The small structures (2cm across) were first spotted by graduate student Troy Alexander in the Peruvian jungle, and he posted a photo in the subreddit whatsthisbug hoping for some feedback. Turns out scientists are as puzzled as the Reddit members:

“I have no idea what made it, or even what it is,” said William Eberhard, an entomologist with the Smithsonian Tropical Research Institute.

“I’ve seen the photo, but have no idea what animal might be responsible,” echoed Norm Platnick, curator emeritus of spiders at the American Museum of Natural History.

“I don’t know what it is,” said arachnologist Linda Rayor, of Cornell University. “My guess is something like a lacewing, but I don’t really know.”

My personal guess is that aliens have given up on catching our attention with crop circles, so they're now turning their gaze to the insect world in search of a more sensible audience.

5 If there's one artist in this world who is obsessed with insects if Mexican filmmaker Guillermo Del Toro, who always finds in them an endless source of inspiration to exploit for his movies.

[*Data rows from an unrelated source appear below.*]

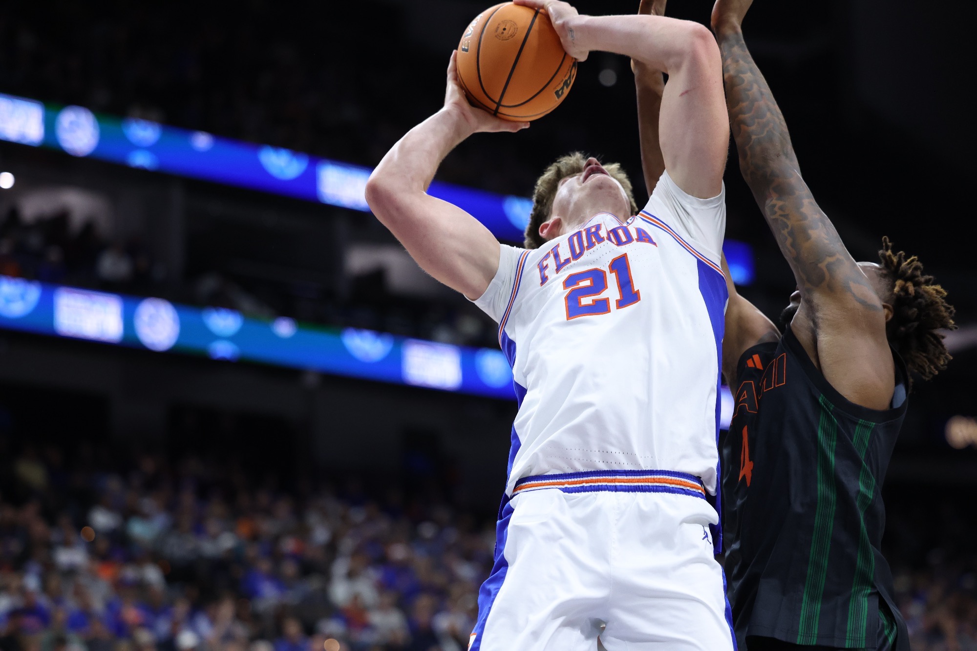 Florida forward Alex Condon(21) going to work down low on his way to 19 points and seven rebounds.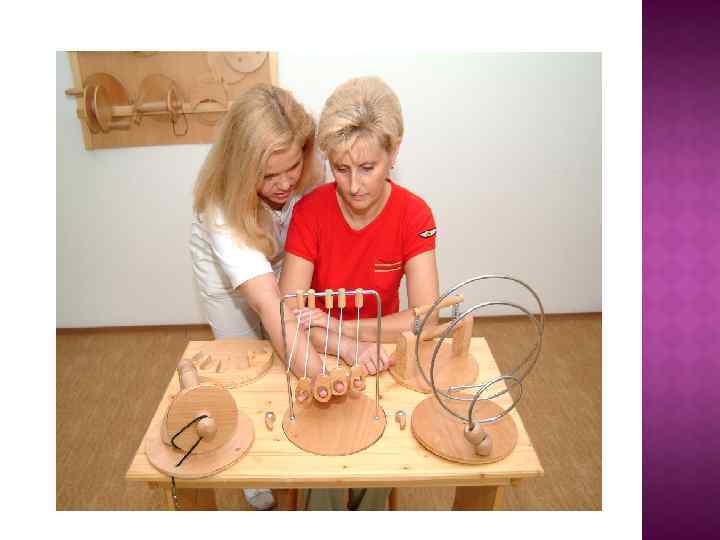 Задачи эрготерапевта o Обучение пациента навыкам самообслуживания o Обучение навыкам повседневной жизни o Развитие мелкой моторики Средства эрготерапии способствуют восстановлению физической работоспособности, оказывают благоприятное психологическое воздействие на больного.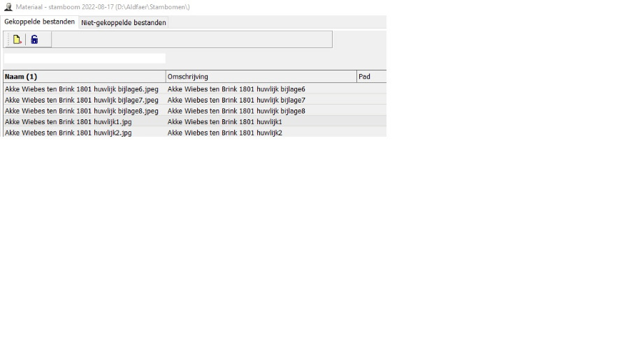 In de weergave wordt onder naam de bestandsnaam getoond en onder Omschrijving de tekst welke gebruikt wordt als onderschrift van de koppeling van de eerste persoon.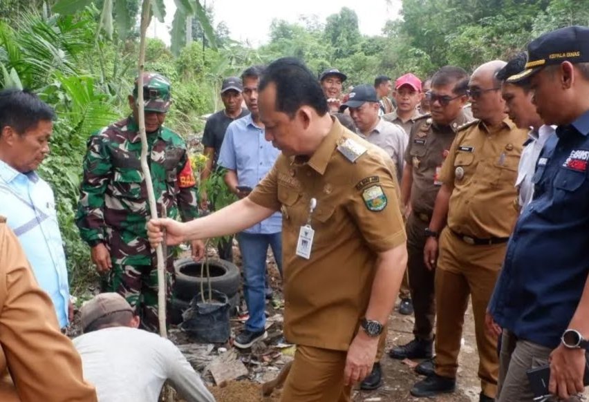 MUARO JAMBI – Bupati Muaro Jambi, Dr. Bambang Bayu Suseno (BBS), turun langsung meninjau lokasi tempat pembuangan sampah (TPS) ilegal di Jalan Lintas Pematang Gajah, jalur penghubung Muaro Jambi–Kota Jambi, Senin (6/10). Dalam kunjungan tersebut, Bupati secara tegas menutup dan menghentikan aktivitas pembuangan sampah liar di lokasi itu.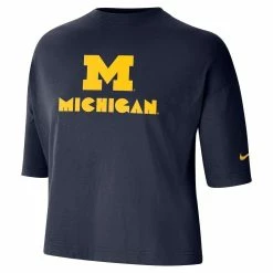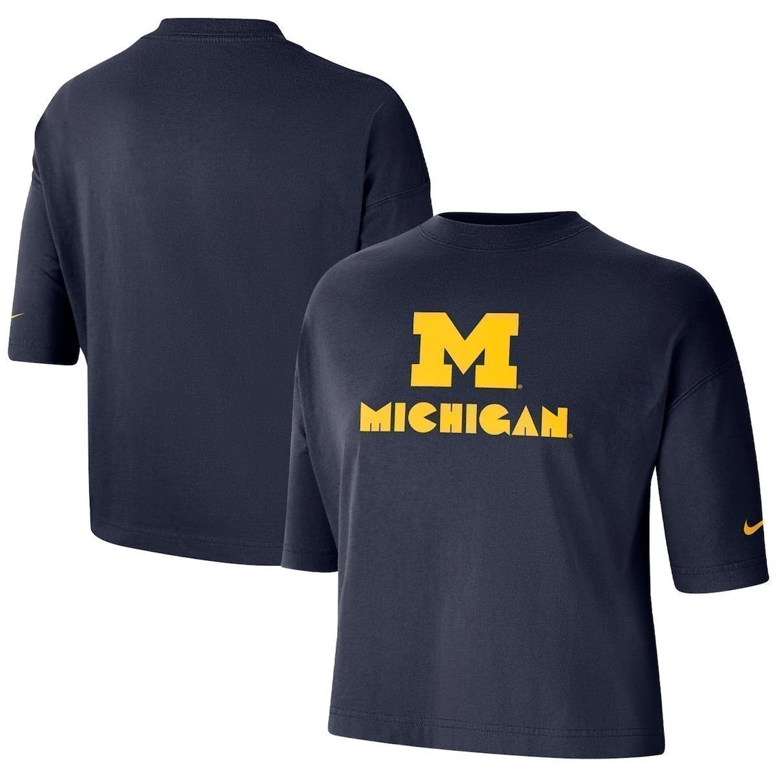- Handle warm weather game days in style with this Michigan Wolverines Crop T-shirt from Nike. This tee features Dri-FIT technology that keeps you cool and comfortable as you cheer your team to victory. This crop top is oversized for a cozy, loose fit, making it a perfect casual option for the big game.

His latest blockbuster Pacific Rim describes an invasion of monstrous aliens, coming to our planet through a dimensional portal at the bottom of the ocean.

volcano-water-pic

I'm sure Guillermo will be pleased to learn geophysicist have just discovered the largest volcano on the entire solar system ---even bigger than Olimpus Mons on Mars!-- lurking at the bottom of the Pacific Ocean. The new volcano is being named Tamu Massif & has been inactive for 140 million years --but just to be on the safe side, maybe Elon Musk should use his sleek hand-gesturing modelling interface to start building some Jaegers?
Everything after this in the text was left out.